__EXTRACTED DATA__
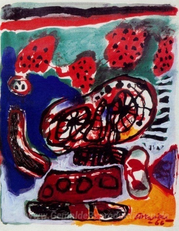 Wir bieten Ihnen eine handgefertigte Reproduktion auf Leinwand des berühmten Kunstwerks 'Zusammensetzung' von Corneille, aus dem Reproduktionsmuseum.
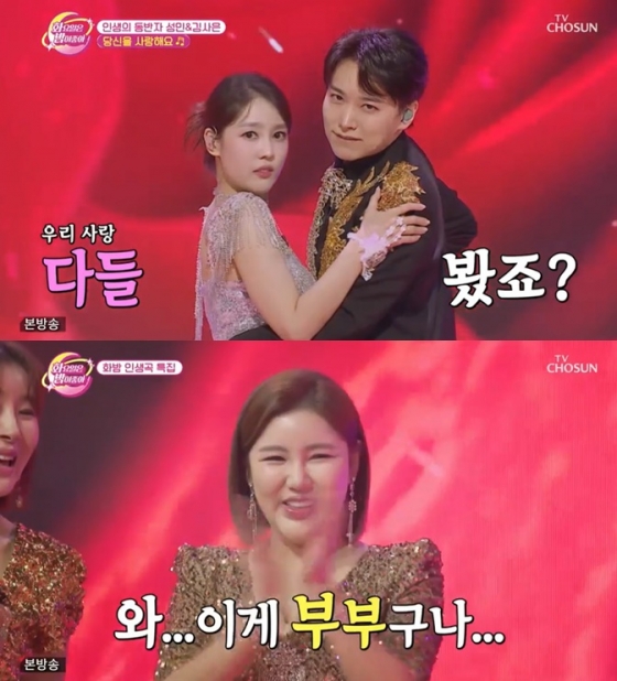 이어 성민과 김사은 부부가 '당신을 사랑해요'를 부르며 듀엣 무대를 선보였다. 송가인은 김사은의 노래를 듣고 "노래 잘한다"고 감탄하는가 하면, 성민과 김사은의 스킨십 퍼포먼스를 보고 이미리와 따라서 춤추며 웃음을 자아냈다.
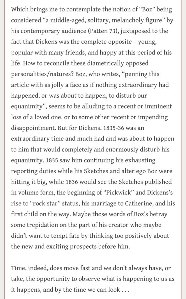We’ve been struck by “The New Year,” and it’s narrative structure. Lenny has been particularly fascinated with this, and of Boz’s characterization of himself. Is he a middle-aged or elderly introvert, a passive spectator? This is seemingly so at odds with the lively, vibrant, enviably youthful Dickens at the time of his writing of the Sketches. Here is a rich passage from Lenny’s comments on the subject:
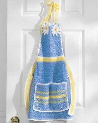 The daisy apron is made in one of my favorite color combo. I never thought about crocheting an apron. But this one is so cute, I think I must do it. How about a bridal gift. Matching apron, dish towels and dish clothe. You could go a little overboard and make up 2 placemats )
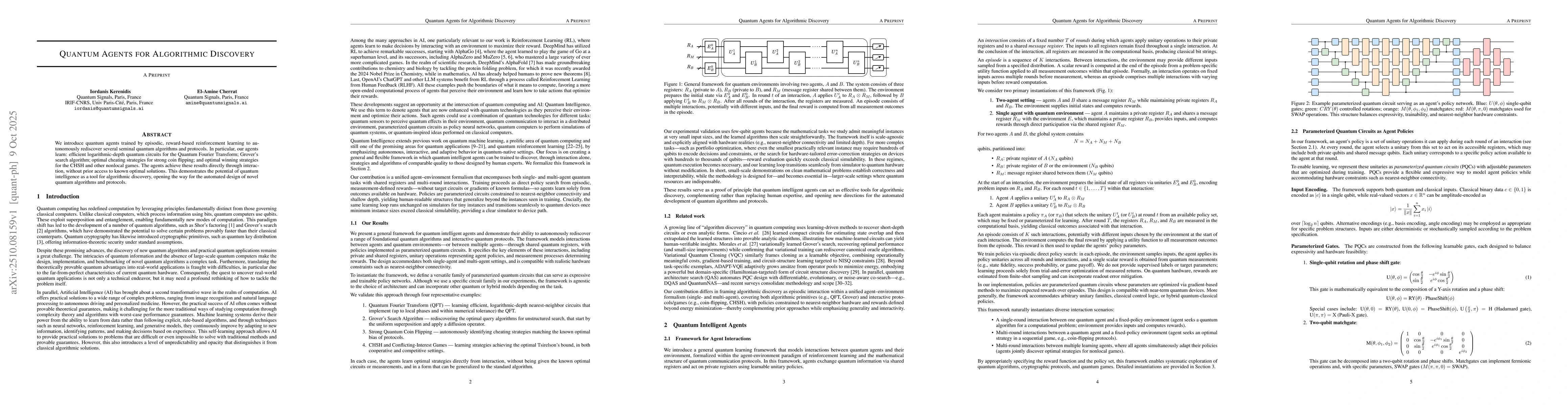 We introduce quantum agents trained by episodic, reward-based reinforcement learning to autonomously rediscover several seminal quantum algorithms and protocols. In particular, our agents learn: efficient logarithmic-depth quantum circuits for the Quantum Fourier Transform; Grover's search algorithm; optimal cheating strategies for strong coin flipping; and optimal winning strategies for the CHSH and other nonlocal games. The agents achieve these results directly through interaction, without prior access to known optimal solutions. This demonstrates the potential of quantum intelligence as a tool for algorithmic discovery, opening the way for the automated design of novel quantum algorithms and protocols.
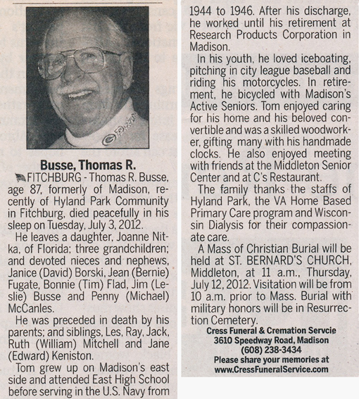 Busse, Theresa C. (nee Bartosch) Obit Cemetery
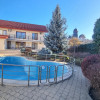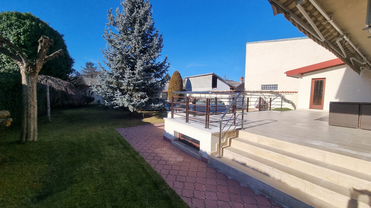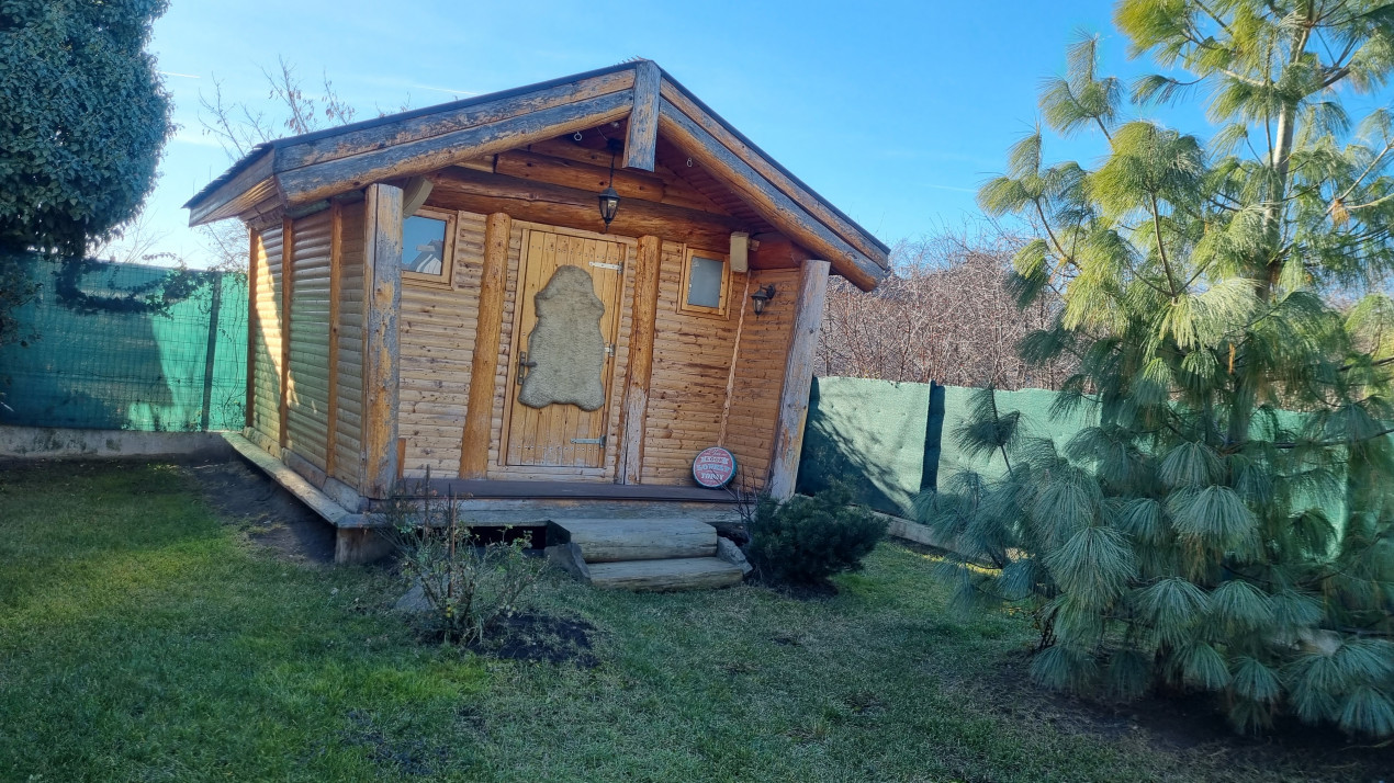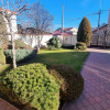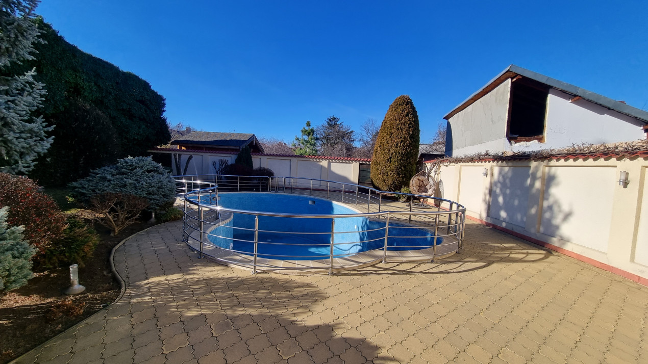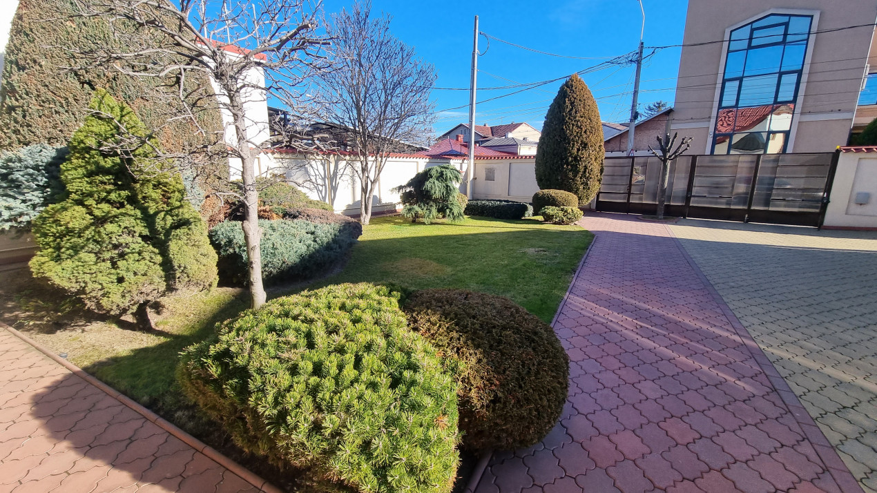 Imobilul are doua intrari fata-spate, curtea este imprejmuita cu gard din beton, este pavata cu dale si este frumos amenajata ca si gradina cu gazon, arbusti si plante ornamentale: are doua garaje si dispune de patru locuri de parcare, beci, piscina exterioara si o casuta intima din lemn in gradina.

__ABOUT THIS TASK__
Once the pictures are set aside, repeat the data above exactly as written.

__EXERCISE ANSWER__
 Wir bieten Ihnen eine handgefertigte Reproduktion auf Leinwand des berühmten Kunstwerks 'Zusammensetzung' von Corneille, aus dem Reproduktionsmuseum.
 이어 성민과 김사은 부부가 '당신을 사랑해요'를 부르며 듀엣 무대를 선보였다. 송가인은 김사은의 노래를 듣고 "노래 잘한다"고 감탄하는가 하면, 성민과 김사은의 스킨십 퍼포먼스를 보고 이미리와 따라서 춤추며 웃음을 자아냈다.
We’ve been struck by “The New Year,” and it’s narrative structure. Lenny has been particularly fascinated with this, and of Boz’s characterization of himself. Is he a middle-aged or elderly introvert, a passive spectator? This is seemingly so at odds with the lively, vibrant, enviably youthful Dickens at the time of his writing of the Sketches. Here is a rich passage from Lenny’s comments on the subject:
 The daisy apron is made in one of my favorite color combo. I never thought about crocheting an apron. But this one is so cute, I think I must do it. How about a bridal gift. Matching apron, dish towels and dish clothe. You could go a little overboard and make up 2 placemats )
 We introduce quantum agents trained by episodic, reward-based reinforcement learning to autonomously rediscover several seminal quantum algorithms and protocols. In particular, our agents learn: efficient logarithmic-depth quantum circuits for the Quantum Fourier Transform; Grover's search algorithm; optimal cheating strategies for strong coin flipping; and optimal winning strategies for the CHSH and other nonlocal games. The agents achieve these results directly through interaction, without prior access to known optimal solutions. This demonstrates the potential of quantum intelligence as a tool for algorithmic discovery, opening the way for the automated design of novel quantum algorithms and protocols.
 Busse, Theresa C. (nee Bartosch) Obit Cemetery
 Imobilul are doua intrari fata-spate, curtea este imprejmuita cu gard din beton, este pavata cu dale si este frumos amenajata ca si gradina cu gazon, arbusti si plante ornamentale: are doua garaje si dispune de patru locuri de parcare, beci, piscina exterioara si o casuta intima din lemn in gradina.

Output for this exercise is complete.